_ENTRIES PROVIDED_

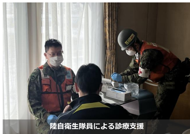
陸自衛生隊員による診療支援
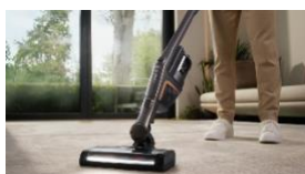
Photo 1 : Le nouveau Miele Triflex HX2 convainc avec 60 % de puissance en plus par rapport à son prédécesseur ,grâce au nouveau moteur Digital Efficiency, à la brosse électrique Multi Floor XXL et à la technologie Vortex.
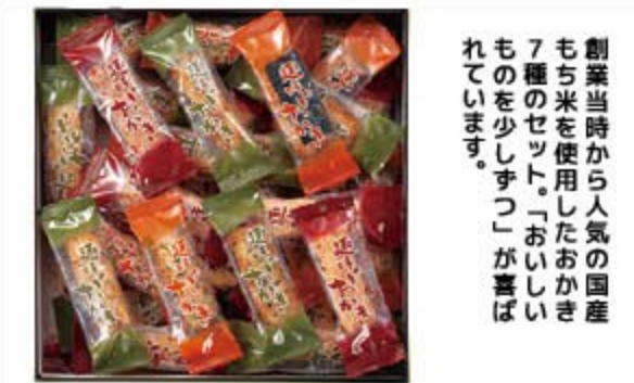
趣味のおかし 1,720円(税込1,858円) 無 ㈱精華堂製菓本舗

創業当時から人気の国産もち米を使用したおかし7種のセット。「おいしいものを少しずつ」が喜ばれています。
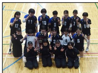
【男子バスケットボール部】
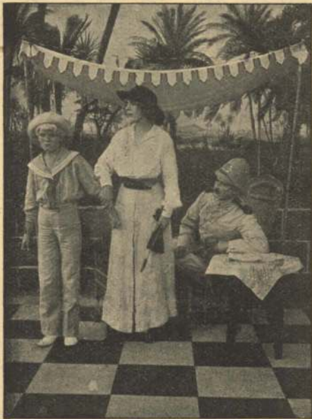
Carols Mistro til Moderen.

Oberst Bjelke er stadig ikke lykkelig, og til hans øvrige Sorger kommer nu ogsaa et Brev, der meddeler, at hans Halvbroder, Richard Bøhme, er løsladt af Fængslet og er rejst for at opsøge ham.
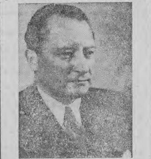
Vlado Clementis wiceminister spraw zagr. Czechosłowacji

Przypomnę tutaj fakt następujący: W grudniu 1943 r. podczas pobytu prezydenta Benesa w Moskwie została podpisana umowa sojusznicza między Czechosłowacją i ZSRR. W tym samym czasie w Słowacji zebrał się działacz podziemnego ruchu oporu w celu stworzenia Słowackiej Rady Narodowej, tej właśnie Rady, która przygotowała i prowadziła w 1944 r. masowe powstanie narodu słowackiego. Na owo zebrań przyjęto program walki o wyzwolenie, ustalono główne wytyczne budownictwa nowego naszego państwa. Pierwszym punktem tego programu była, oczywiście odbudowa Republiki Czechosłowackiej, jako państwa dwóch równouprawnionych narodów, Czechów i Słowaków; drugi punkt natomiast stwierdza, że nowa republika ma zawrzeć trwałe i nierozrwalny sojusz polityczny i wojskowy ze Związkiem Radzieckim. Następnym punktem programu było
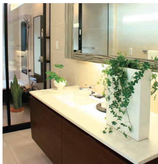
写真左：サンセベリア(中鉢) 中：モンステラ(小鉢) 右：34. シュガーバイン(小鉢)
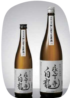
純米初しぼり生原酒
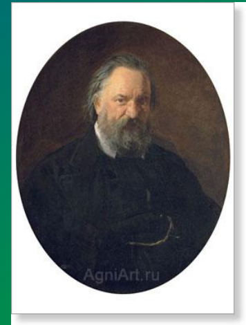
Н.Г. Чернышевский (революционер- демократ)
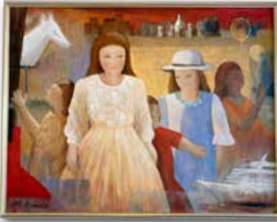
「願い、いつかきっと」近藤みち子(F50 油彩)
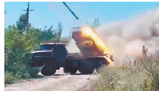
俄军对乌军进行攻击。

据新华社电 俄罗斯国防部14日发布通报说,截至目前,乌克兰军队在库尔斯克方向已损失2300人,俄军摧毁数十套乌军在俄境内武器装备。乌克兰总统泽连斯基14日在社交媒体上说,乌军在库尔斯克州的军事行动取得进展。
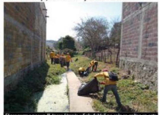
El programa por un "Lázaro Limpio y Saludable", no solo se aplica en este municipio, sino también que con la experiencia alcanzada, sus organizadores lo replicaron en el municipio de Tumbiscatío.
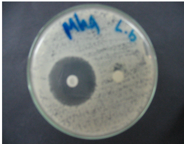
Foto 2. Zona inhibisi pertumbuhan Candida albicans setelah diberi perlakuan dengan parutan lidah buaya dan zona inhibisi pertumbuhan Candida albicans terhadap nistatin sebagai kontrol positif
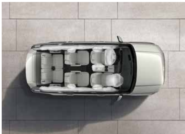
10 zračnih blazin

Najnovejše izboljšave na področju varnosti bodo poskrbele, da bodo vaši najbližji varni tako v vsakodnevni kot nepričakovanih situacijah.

_ACTIVITY_
Copy exactly the material above from the line with "創業当時から人気の国産もち米" to the line with "据新华社电 俄罗斯国防部14", ends included, and nothing else. Leave out any picture.

_EXERCISE SOLUTION_
創業当時から人気の国産もち米を使用したおかし7種のセット。「おいしいものを少しずつ」が喜ばれています。
【男子バスケットボール部】
Carols Mistro til Moderen.

Oberst Bjelke er stadig ikke lykkelig, og til hans øvrige Sorger kommer nu ogsaa et Brev, der meddeler, at hans Halvbroder, Richard Bøhme, er løsladt af Fængslet og er rejst for at opsøge ham.
Vlado Clementis wiceminister spraw zagr. Czechosłowacji

Przypomnę tutaj fakt następujący: W grudniu 1943 r. podczas pobytu prezydenta Benesa w Moskwie została podpisana umowa sojusznicza między Czechosłowacją i ZSRR. W tym samym czasie w Słowacji zebrał się działacz podziemnego ruchu oporu w celu stworzenia Słowackiej Rady Narodowej, tej właśnie Rady, która przygotowała i prowadziła w 1944 r. masowe powstanie narodu słowackiego. Na owo zebrań przyjęto program walki o wyzwolenie, ustalono główne wytyczne budownictwa nowego naszego państwa. Pierwszym punktem tego programu była, oczywiście odbudowa Republiki Czechosłowackiej, jako państwa dwóch równouprawnionych narodów, Czechów i Słowaków; drugi punkt natomiast stwierdza, że nowa republika ma zawrzeć trwałe i nierozrwalny sojusz polityczny i wojskowy ze Związkiem Radzieckim. Następnym punktem programu było
写真左：サンセベリア(中鉢) 中：モンステラ(小鉢) 右：34. シュガーバイン(小鉢)
純米初しぼり生原酒
Н.Г. Чернышевский (революционер- демократ)
「願い、いつかきっと」近藤みち子(F50 油彩)
俄军对乌军进行攻击。

据新华社电 俄罗斯国防部14日发布通报说,截至目前,乌克兰军队在库尔斯克方向已损失2300人,俄军摧毁数十套乌军在俄境内武器装备。乌克兰总统泽连斯基14日在社交媒体上说,乌军在库尔斯克州的军事行动取得进展。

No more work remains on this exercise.